Paris falls for glamour of India’s modernist maharajah

Items from Manik Bagh Palace of Indore goes on display

Published - September 26, 2019 10:37 pm IST - Paris

An image of Indian Prince, Yeshwant Rao Holkar II and his wife Sanyogita Devi of Indore.

An image of Indian Prince, Yeshwant Rao Holkar II and his wife Sanyogita Devi of Indore.

They were India’s golden couple of the 1920s and 1930s, two beautiful people who cut a wildly glamorous dash across the globe, being photographed by Man Ray and sipping cocktails with Hollywood stars.

The extraordinary lives and impeccable taste of the yesteryear Maharajah and Maharani of Indore — Yeshwant Rao Holkar II and Sanyogita — are celebrated in a spectacular new exhibition at the Museum of Decorative Arts in Paris.

The pair created a gem of an avant-garde palace on the Malwa Plateau in the heart of India. They became patrons of many artists and designers of their day. Some 500 pieces of modern design from the Manik Bagh Palace in the maharajah’s hometown of Indore are being exhibited alongside archival materials.

An oasis of understated but dazzling modernist luxury, the palace was furnished with pieces by Eileen Gray, Le Corbusier and Pierre Jeanneret among others, with art by Brancusi.

The first building in the subcontinent to have air conditioning, it also had a ballroom where the couple could do the foxtrot to the jazz-loving maharajah’s collection of 1,00,000 records.

The aesthete prince commissioned the young German architect Eckart Muthesius to create his dream of the future.

Together the two men combed the artist studios of Paris and Berlin with art advisor Henri-Pierre Roche — author of the novel Jules and Jim — to find the works to fill it.

Muthesius was also asked to kit out the 25-year-old maharajah’s sleek new royal train, as well as a barge that was a “vertible floating modernist palace” and do the interiors of his private plane.

He designed, too, a hunting caravan so the prince — who had come to the throne at 17 — could stalk tigers in style.

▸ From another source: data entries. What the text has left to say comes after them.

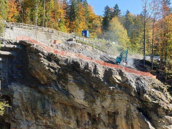 13.11.2019 Gefährliche Felsnase wird aus Sicherheitsgründen abgesprengt.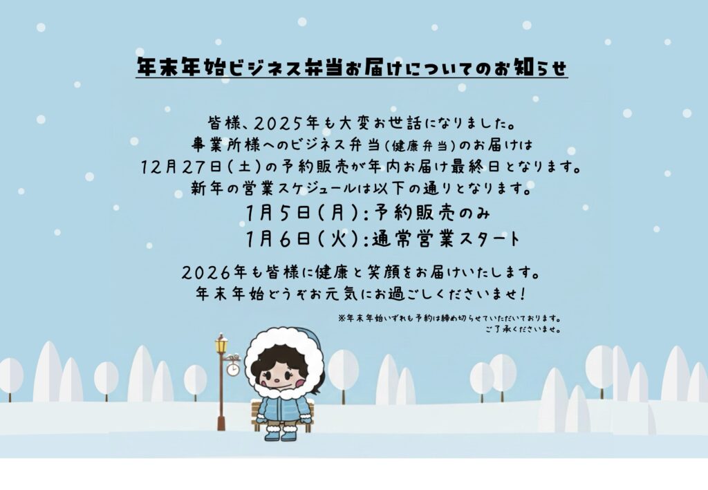 お知らせ 2025.12.26 年末年始のお知らせ 皆様、2025年も大変お世話になりました。 事業所様へのビジネス弁当(健康弁当)のお届けは 12月27日(土)の予約販売が年内お届け最終日となります。 新年の営業スケジュールは以下の通りとなります。 1月5日(月):予約販売のみ 1月6日(火):通常営業スタート 2026年も皆様に健康と笑顔をお届けいたします。 年末年始どうぞお元気にお過ごしくださいませ! ※年末年始いずれも予約は締め切らせていただいております。ご了承くださいませ。
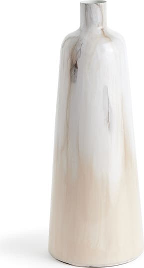 In a clever use of enameled iron, this lightweight decorative vase is painted by hand. With a creamy mocha palette inspired by a latte, with layers of milky froth and coffee tones swirling, it is modern artistry defined.

Despite being bound together in an arranged marriage when she was 10 and he only a few years older, the pair were a thoroughly modern couple, said the chief curator Olivier Gabet.

Few could fail to be charmed by the bright young maharani, who shared the maharajah’s interests.

“She was involved in all their projects and was treated as an equal by her husband. In fact, they were quite an exceptional couple,” said Mr. Gabet.

Man Ray, their guest on the French Riviera, thought the same. He was very taken with the maharani, whom he described as an “exquisite girl in her teens”.

“Dressed in the French style, she wore a ring with a huge emerald that the Maharaja had bought her that morning,” he later wrote.

Clearly deeply in love, the couple had “a magnetic aura”.

In fact they charmed everyone wherever they went, whether filmmaker Cecil B. DeMille and actor Gary Cooper in Hollywood, or old world royals like themselves.

The couple did not have long to enjoy their idyll in their modernist home.

The maharani died at the age of 22 from appendicitis, leaving behind their toddler daughter, Usha, the present maharani.

The maharajah’s artistic adventures pretty much ended with her death, said Mr. Gabet, “which shows just what an influence she had.”

After his wife’s death, the maharajah went on to marry again twice but his inner life remains mysterious.

He died in 1961 as he was planning to write his autobiography, having burned all his private papers.

Collectors like fashion moguls Yves Saint Laurent and Pierre Berge, and the Qatari prince Sheikh Saud bin Mohammed Al-Thani, snapped up much of the couple’s furniture and carpets in a legendary auction in Monaco in 1980.

Their modernist “garden of rubies” has been swallowed up by the expanding city of Indore.

The once stately salons of the Manik Bagh have long since been subdivided into offices for the local excise department.